Tapping for lower yield
Meanwhile, Romania also raised money from its outstanding 20-year debt at far cheaper levels than where it originally priced.
The October 2035s printed alongside the October 2025s in 2015 at a yield of 3.93% and were tapped in February 2016 at 3.9%.
They were tapped at a yield of 3.55% - marking a 35bp tightening since the last time they were opened.
Romania began marketing the tap at initial yield thoughts of 3.65% area, before cutting guidance to 3.6% area.
The 2035 notes now total €2bn, “thus creating the potential to enhance liquidity programmes,” said Romania’s ministry of finance in a statement.
Barclays, Citi, Erste Bank, ING and Societe Generale ran Romania’s dual tranche deal.
Romania announced in February that it planned €2.5bn to €3bn of international issuance this year, but decided to hold off from immediately coming to the market because of the political upheaval in Europe, according to a third banker.
“They wanted to allow the market time to absorb some of the biggest potential shocks,” the banker said.
The gambit worked. Not only did the bonds have the tightest yields for the issuer at that part of its curve, but combined demand reached €2.86bn from 281 accounts.
The new issue saw orders from 145 investors, with domestic names making up 21% of demand – the highest proportion – followed by other Central and Easter European names taking 18%.
This is a marked difference from the tap, which saw UK accounts take the lion’s share of the bond, with a 40% allocation.
Romania’s ministry of finance pointed to improving economics in the country as a driver behind the success of both tranches, with the country’s minster of public finance Viorel Stefan, tipping his hat in a statement to recent reports from international ratings agencies.
“The success of the issue of Eurobonds…show credibility enjoyed by Romania on international markets and appreciation of economic developments, prospects for growth, and for macroeconomic and financial stability, issues highlighted well as in recent reports by international rating agencies,” said Stefan.
Moody’s said in January that Romania and Slovenia stand apart from their Central and Eastern European neighbours Poland and Croatia, which are both on negative watch.
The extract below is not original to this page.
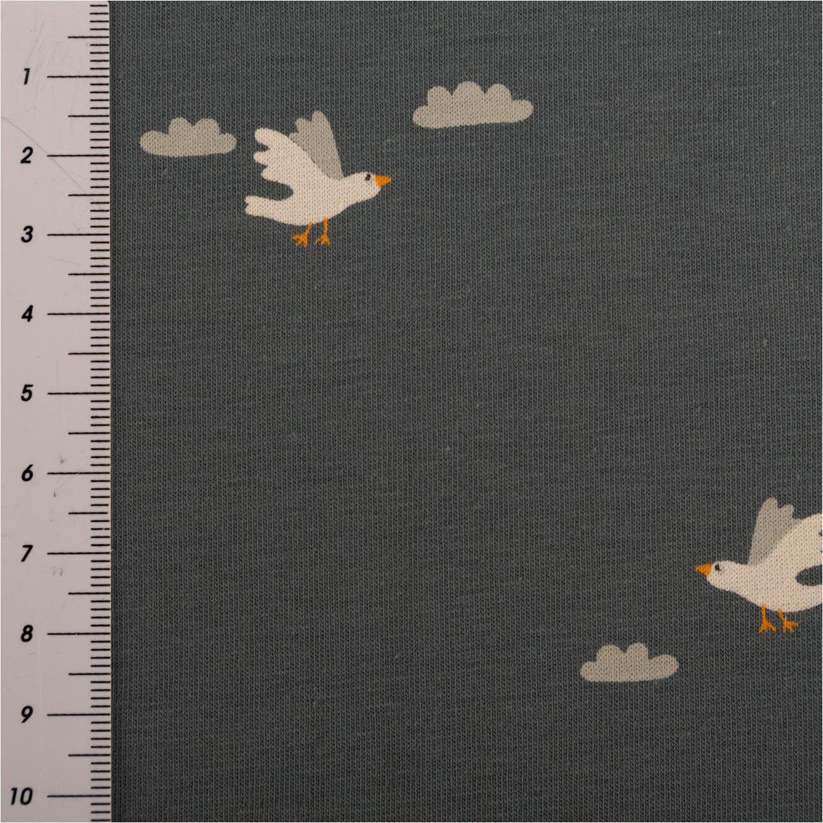 Jersey Stoff Baumwolljersey Vögel Wolken blau weiß 1,50m Breite

“By contrast, the positive outlooks on Romania and Slovenia reflect the gradual improvements in both countries’ institutional frameworks as well as robust growth expectations for Romania,” said Moody’s.
Meanwhile, S&P, which has Romania on a stable outlook, said in April that the country’s ratings are well supported by its moderate external and government debt and reasonably firm growth prospects.
The European Commission raised its growth forecast for Romania in February, putting the amount for 2017 at 4.4%, from the 3.9% predicted in November 2016.
The World Bank projected at the start of this year that Romania’s GDP will rise by 3.7% in 2017 and 3.4% next year – well above the 1.8% average growth expected across Western Europe. Romania’s national office of statistics said on April 7 that it had revised the economic growth rate for the final quarter of 2016 up by 10bp to 4.8% year-on-year.